LINBIT provides binary packages of the latest versions to commercial support customers, and maintains repositories of these packages accessible to clients that allow clients to upgrade via their preferred package managers. You can find more information about that here: https://linbit.com/drbd-user-guide/drbd-guide-9_0-en/#s-linbit-packages

If you’d like to do this yourself instead, building from source is always an option, either via checking out the sources via the public Git repository or using the source tar files from https://pkg.linbit.com/. Information to help you get started on that is here: https://linbit.com/drbd-user-guide/drbd-guide-9_0-en/#s-from-source

It varies based on the distribution provider what version of prebuilt DRBD binary they provide, and this may lag behind DRBD release cycles.

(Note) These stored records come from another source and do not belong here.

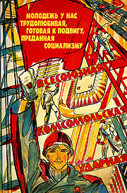 В плакате «Всесоюзная. Комсомольская. Ударная» (рис. 41) ритмико-пропорциональный строй композиции создает условия прежде всего для появления переключения внимания. Взор человека следует ритму слов, затем переключается с флага на лицо рабочего или наоборот, в любой очередности. С другой стороны, равномерная распределенность единых по стилю пластического выражения элементов конструкции стройки, их равноценность способствуют появлению распределенного вида внимания. Сосредоточивается внимание в центре композиции, затем переключается для более внимательного изучения на неотчетливо изображенную фигуру рабочего.
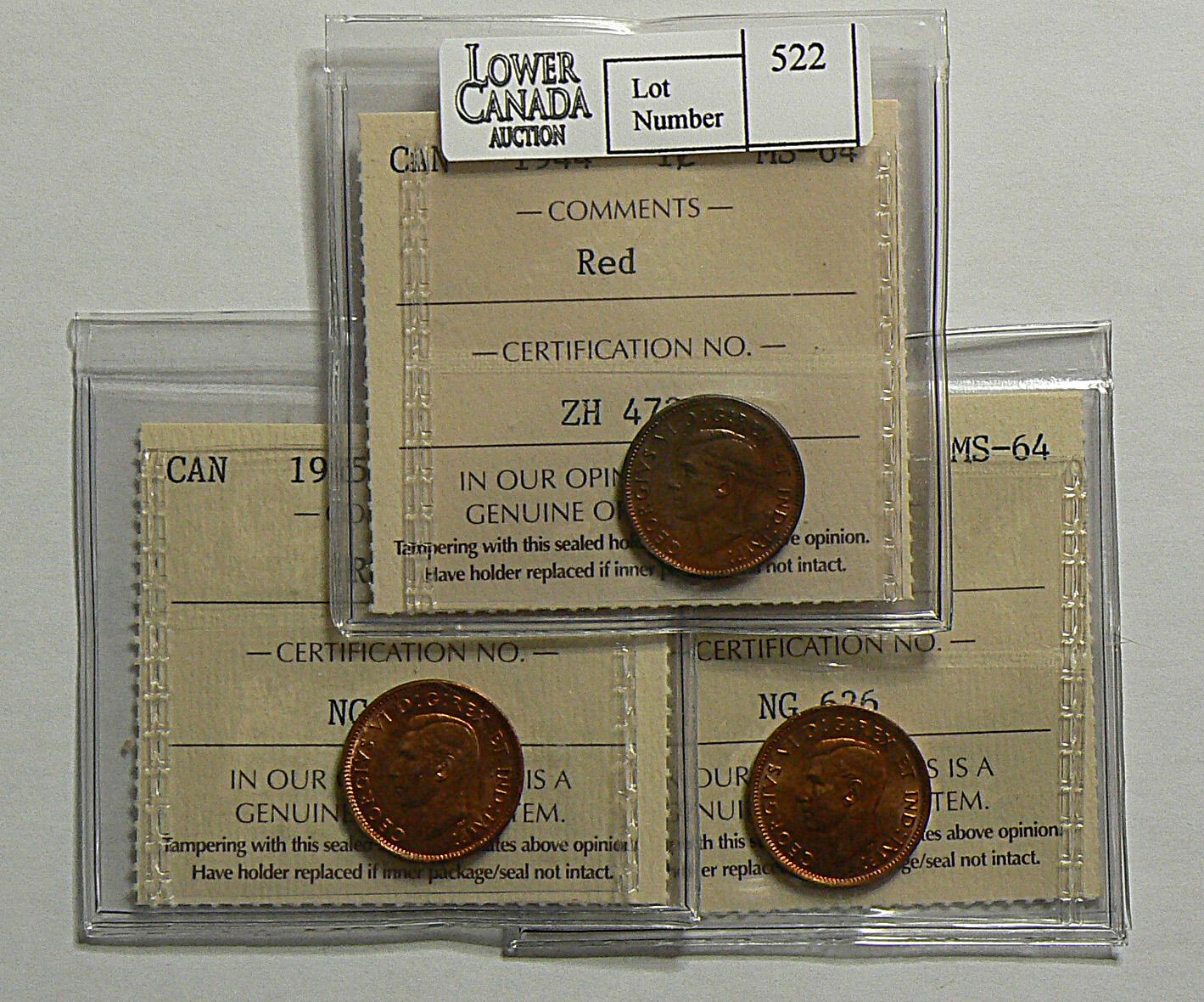 Cent 1944, 1945 & 1946, all graded ICCS MS-64; Red. Lot of 3 coins.
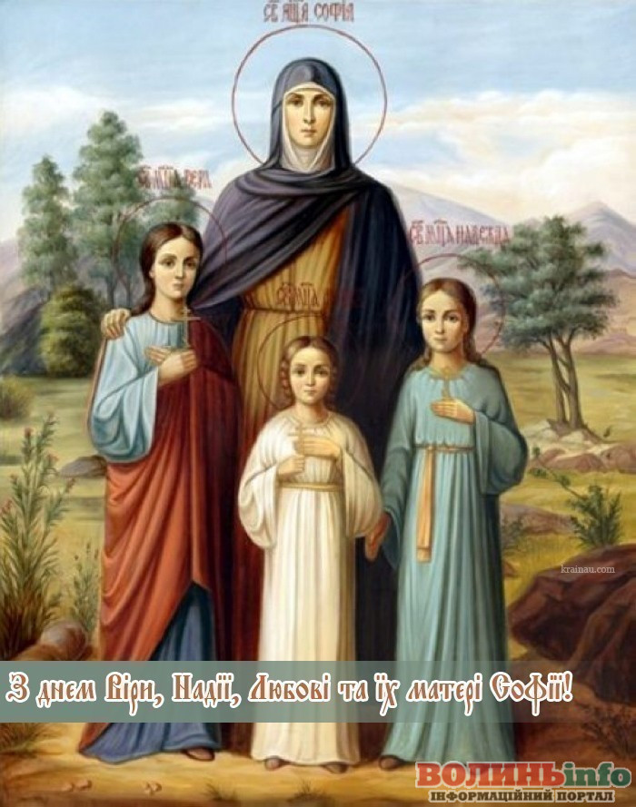 17 вересня православна церква вшановує святу Софію та її трьох дочок — Віру, Надію та Любов. Ці жінки належали до перших християн, і в дуже юному віці постраждали за свою віру: маленьких Віру (12 років), Надію (10 років) та Любов (9 років) зрадили страшним болісним тортурам на очах у матері.
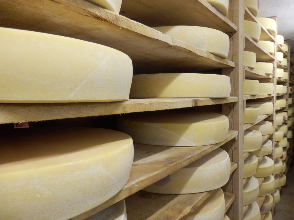 ein ganz klein wenig stolz in seinen Käsekeller! Wie ihr sehen könnts ist der Käsekeller schon randvoll! Ein solcher Käselaib wiegt bis zu
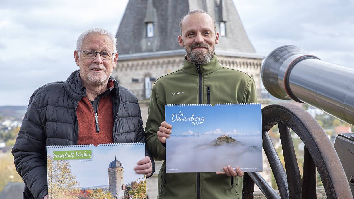 Ruben Emme (r.) und Karl-Heinz Wiemers bringen ihre Fotokalender mit Motiven vom Desenberg und aus Warburg heraus. Sie sind ab sofort erhältlich. | © True Design/Miriam Emme
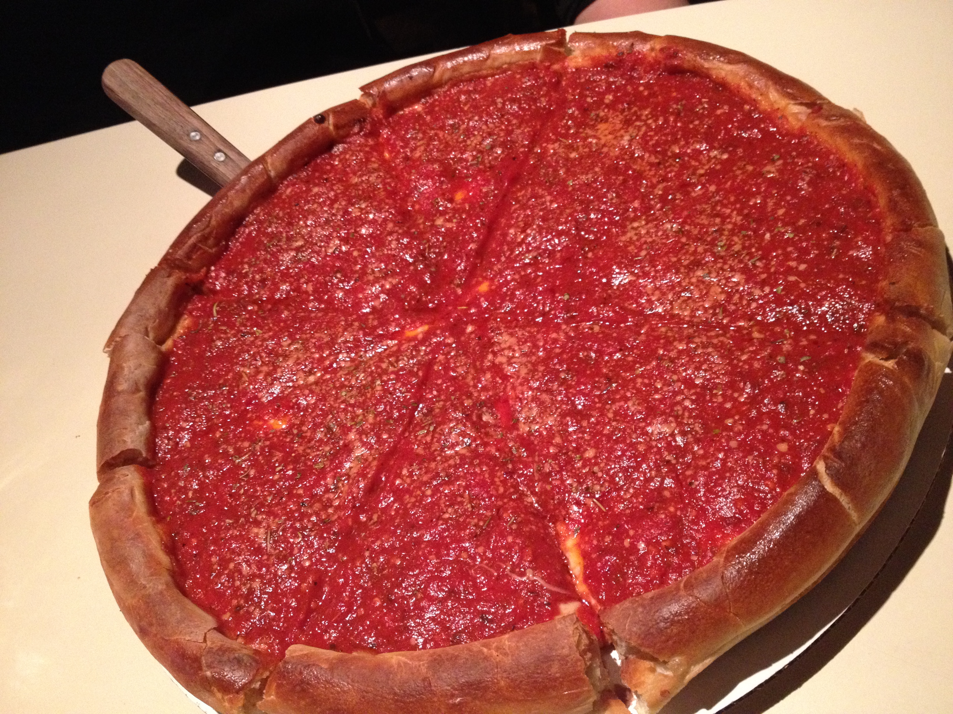The deep dish approach works in reverse order to the typical laying of pizza. Bread – followed by cheese, then toppings, then sauce. Lots of sauce – usually a half-inch or so. This sweet and spicy tomato mash is infused with strong dumpings, not dashes, of herbs and spices. The crust end, or butt, or ring, whatever you might call it is crisp on the outside, chewy on the inside and about three inches high. The crust at the base is shy of an inch. I struggle to complete three slices. I said…I STRUGGLE TO COMPLETE THREE SLICES. Has anyone ever seen me fail to consume pizza with reckless abandon? Never. This is not such a bad thing, because the great hidden quality of this pie is that it ages well. Three hours from serving, it is even better. The next day, even better than that. The cheese and sauce solidify and the crust holds it’s own against the metamorphosis. Any good pie, in my eyes, should be good the next day. This pizza is better. That is a rare.
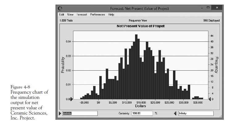 Figure 4-9 contains some interesting information. There are, however, several questions that are more easily answered by using Figure 4-8, the distribution of the simulation’s outcomes. What is the likelihood that this project will achieve an NPV at least $10,000 above the hurdle rate including inflation? It is easy to answer this question. Note that there are black triangles at either end of the baseline of the distribution in Figure 4-8. By placing the cursor on the triangle on the left end of the simulation distribution baseline and sliding it to the $10,000 mark, the probability of a $10,000 or greater outcome can be read in the “Certainty” box. One can also find the same answer by deleting the “-Infinity” in the box in the lower left corner of the Frequency View and entering $10,000 in it.
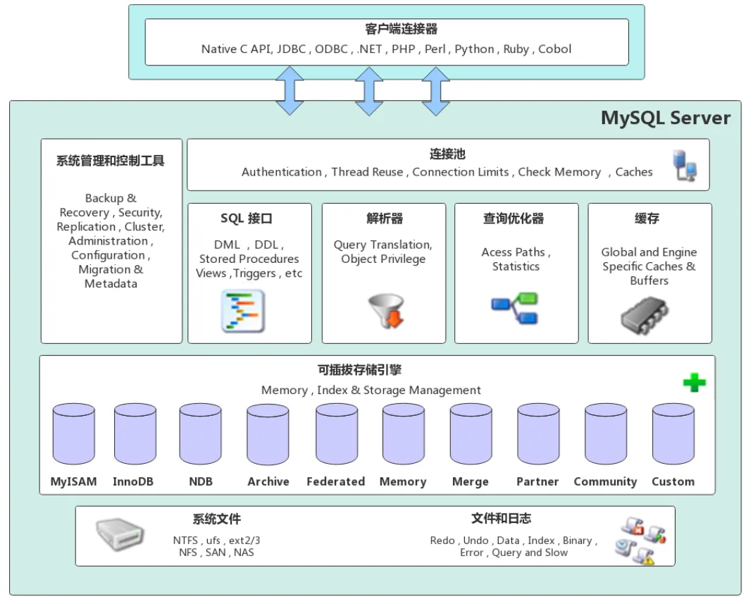 存储引擎: MySQL支持多种存储引擎,如InnoDB、MyISAM等,每种引擎有不同的特性和优势,使用户能够根据具体需求选择合适的存储引擎。
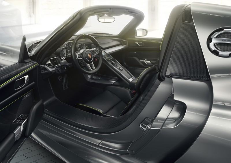 as a super sports car designed for everyday use, the 918 spyder offers a spectacular top-down driving experience. the two roof panels made from carbon fibre-reinforced plastic (cfrp) are removable, as is the tradition at porsche, and can be stored securely in the 100-litre capacity luggage compartment located in the nose of the vehicle.
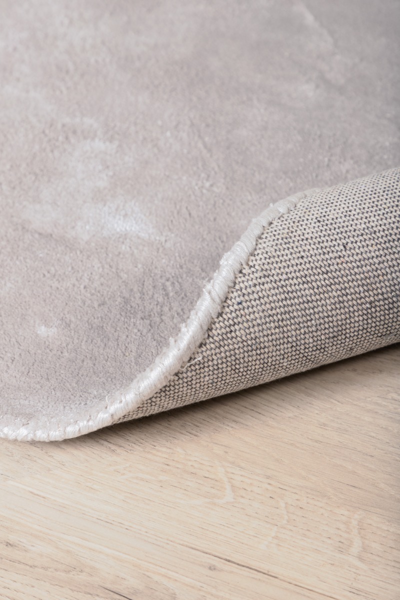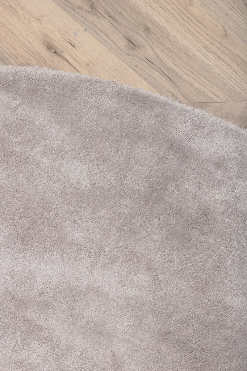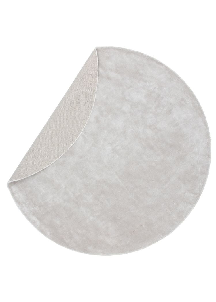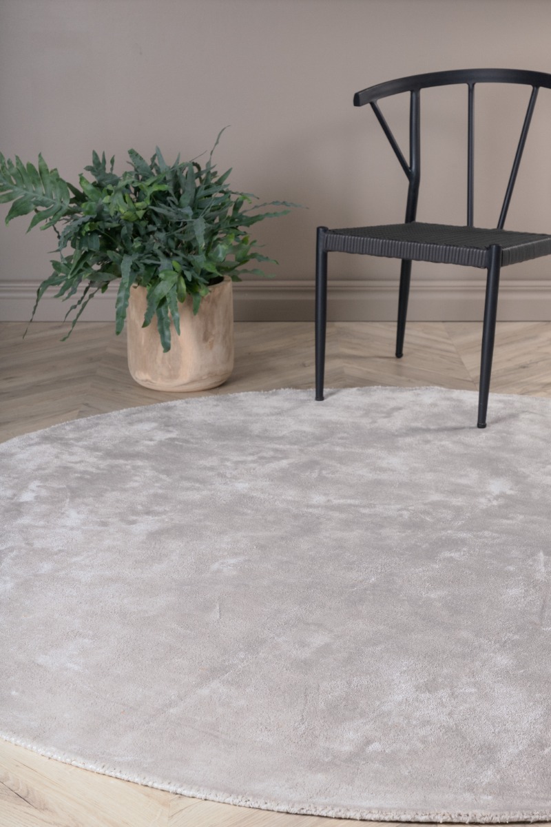 Elegant rund matta i silver av viskos och bomull med cirka 10 mm tjocklek. Mjuk, tålig och perfekt för stilfulla inredningar.
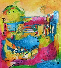 Een globale impressie van het schilderij "Dreamland" 90x100cm.
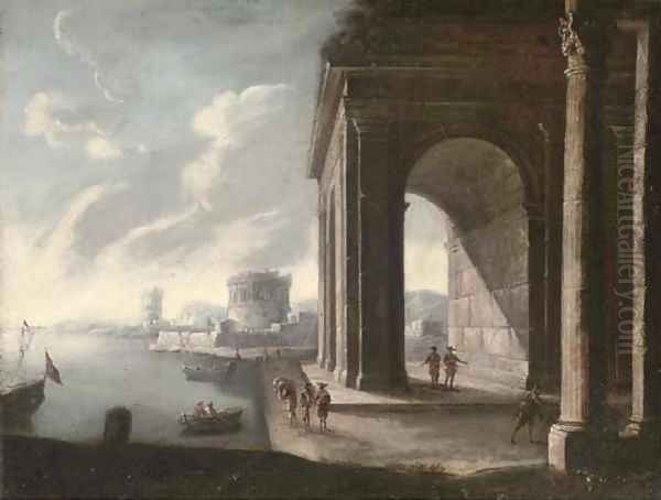 A Mediterranean coastal harbour with figures by a classical arch
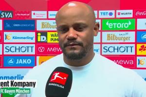 24直播网04月26日讯 昨晚德甲第31轮,拜仁在客场对美因茨完成4-3大逆转,赛后孔帕尼接受了瞬采。
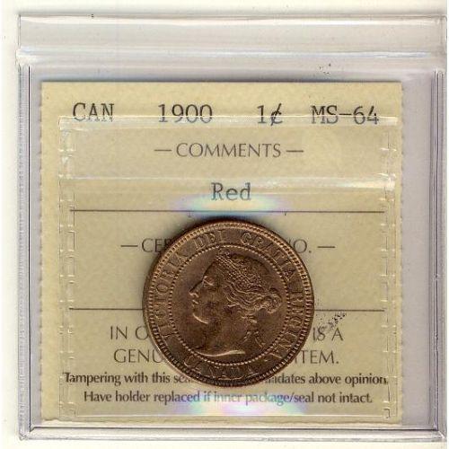 1900 1¢ ICCS MS-64 RED, a really nice example with great fields.
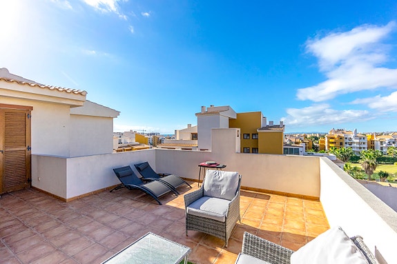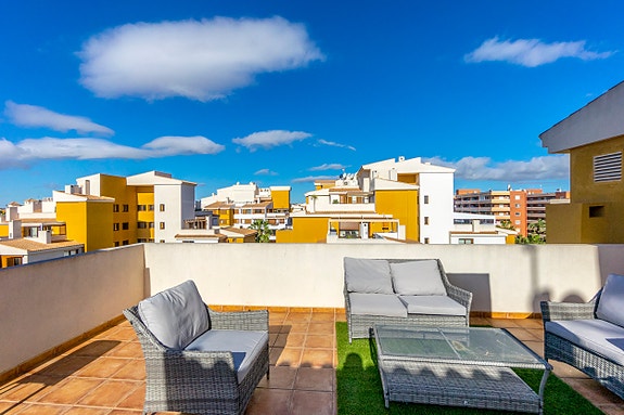 Punta Prima er et veletablert boligområde i kystkommunen Orihuela Costa, som ligger kun 3 km sør for Torrevieja og 45 km fra Alicante flyplass. Dette området har en solid infrastruktur med et stort utvalg blant restauranter og butikker. Et av Spanias største utendørs kjøpesentre (Zenia Boulevard) ligger like i nærheten. Området er ellers kjent for sine kritthvite sandstrender med “blå flagg” stempel, en indikasjon på blant annet høy vannkvalitet. Det finnes gode bussforbindelser som tar deg med nedover langs kysten eller inn til Alicante sentrum.Avstand
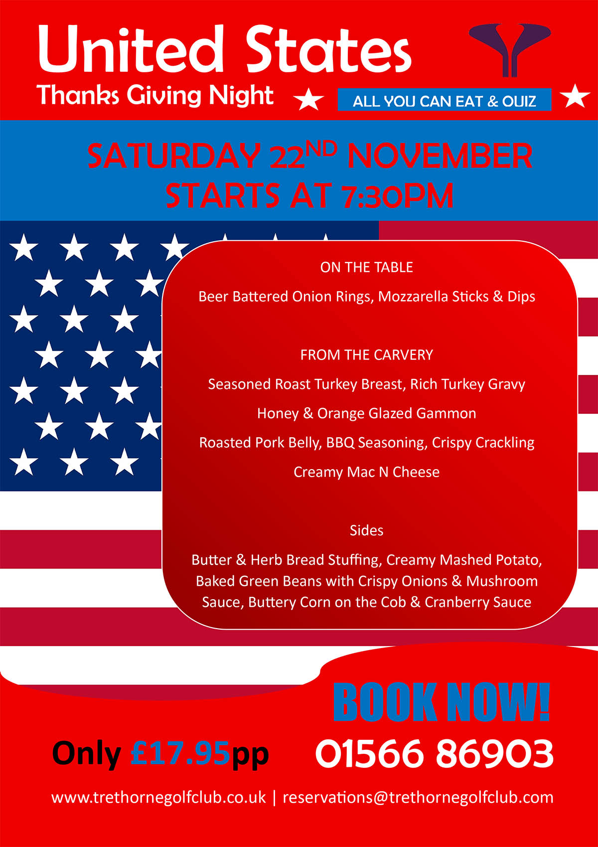 Celebrate Thanksgiving like our American friends across the pond at All You Can Eat & Quiz Night on Saturday 22nd November 2025
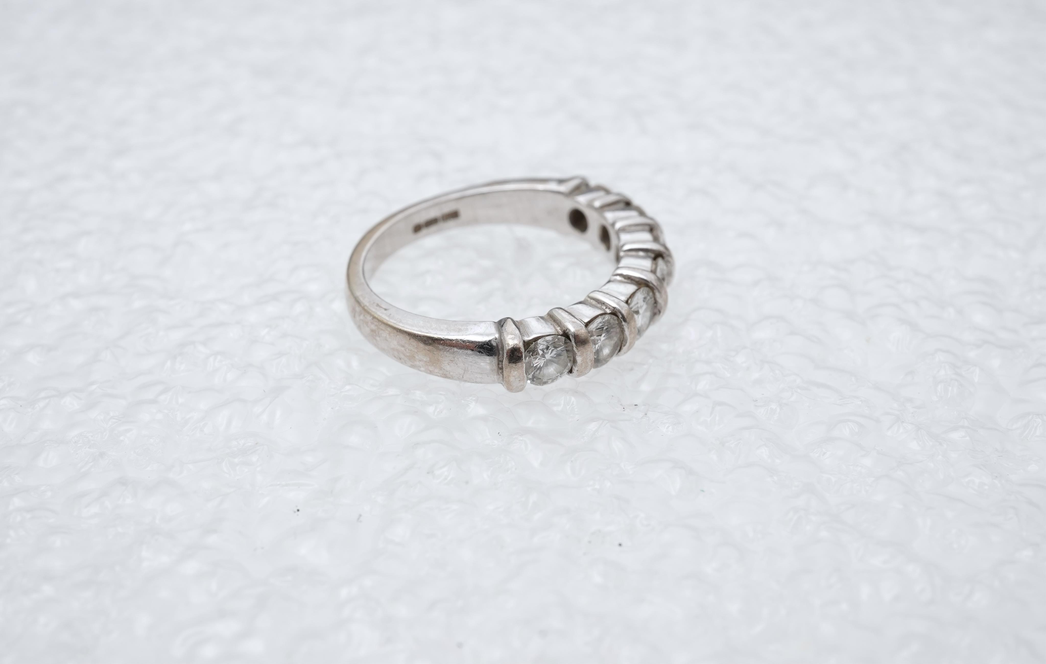 A seven-stone diamond ring, tension-set with seven brilliant-cut diamonds totalling approximately 0.80 carats, mounted in 18ct white gold, size J1/2, British hallmarks, gross weight approximately 4.5 grams
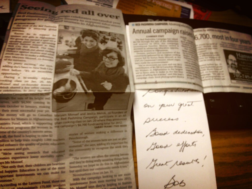 As we mark more than a decade since Red Pashmina’s beginnings, and while there is much to celebrate about the organization’s contributions in Afghanistan as well as the Peterborough and Canadian communities over the past decade, it is clear that our mandate now remains as needed as ever, and that our responsibilities are still firmly ahead.
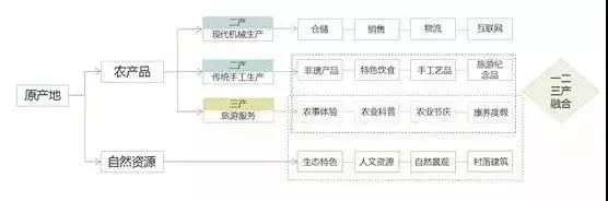 以“原產地特色+原材料加工”的消費驅動模式,推進一二三產業融合發展,主要由一產帶動二產和三產發展,實現特色農產品→加工→服務體驗(旅游觀光、休閑及度假、互聯網應用、物流倉儲、銷售等)的全產業鏈發展模式。
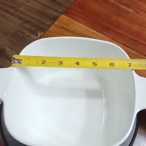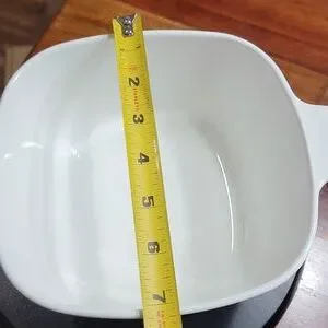This Pyrex covered dish has no chips or cracks and is in great condition. The size is pictured
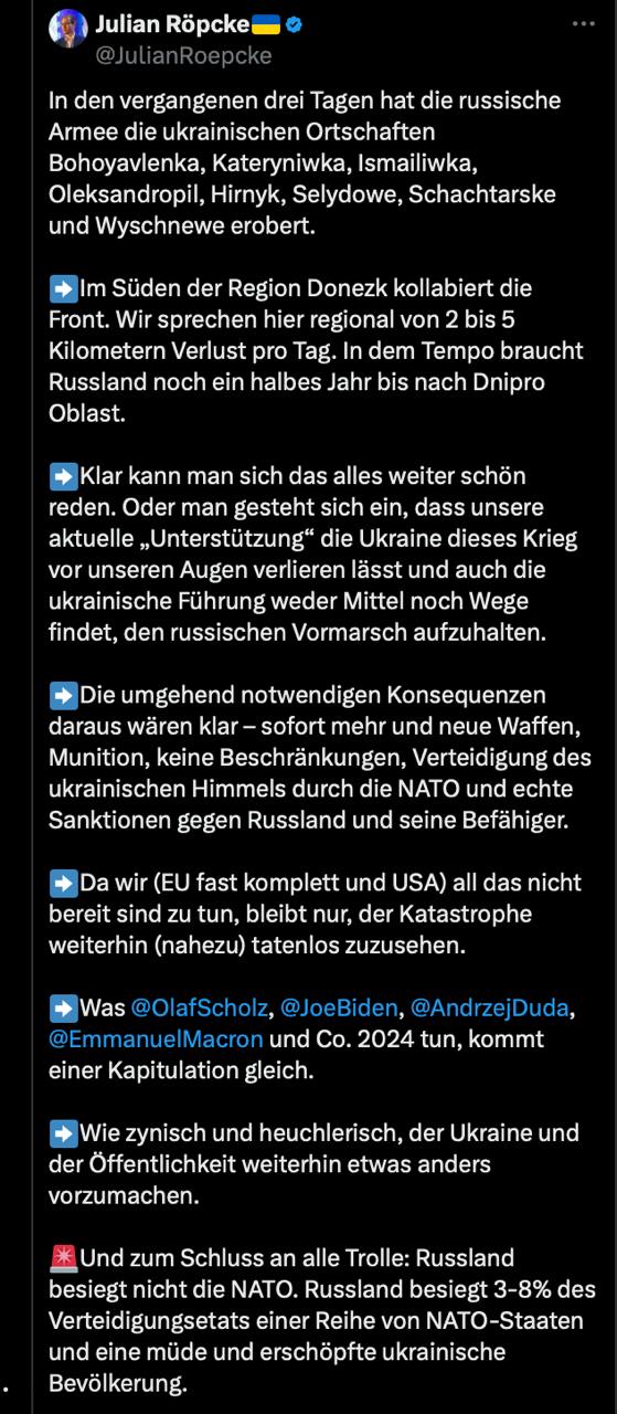 «Можно признать, что наша текущая «поддержка» приводит к тому, что Украина проигрывает эту войну прямо на наших глазах, и что украинское руководство не может найти никаких средств или способов, чтобы остановить наступление России», - пишет Рёпке.
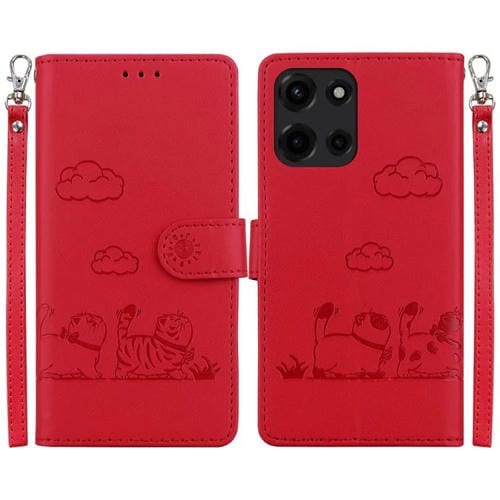 Funda de Cuero Motorola Moto G 5G 2025 Little Tiger Repujado (Rosa Rojo)

But if other distributions may be an option for you, Ubuntu LTS offers a PPA repository for DRBD 9: LINBIT DRBD9 Stack : “LINBIT” team

1 Like

Thanks again for the extensive information! :pray:
I think that concludes this thread for me for now. :white_check_mark:

I would mark the first reply as the solution to this thread, but I can’t. Not sure if that is a permission thing, or if you are just not using this feature.

Hello Robin,

what EXACTLY was the solution?

Can you tell me/us?

Jörg

Hi Jörg,

frankly: We never found a solution in that sense. Currently, it looks like the issue actually only was present on Debian 10 and as of now it has not re-surfaced on Debian 12. We still have some systems pending, but it looks like the updated version of the DRBD stack has at least helped.

I know, that is very unsatisfying, but for now it is all we got. I will update here, if any new insights come about. :v: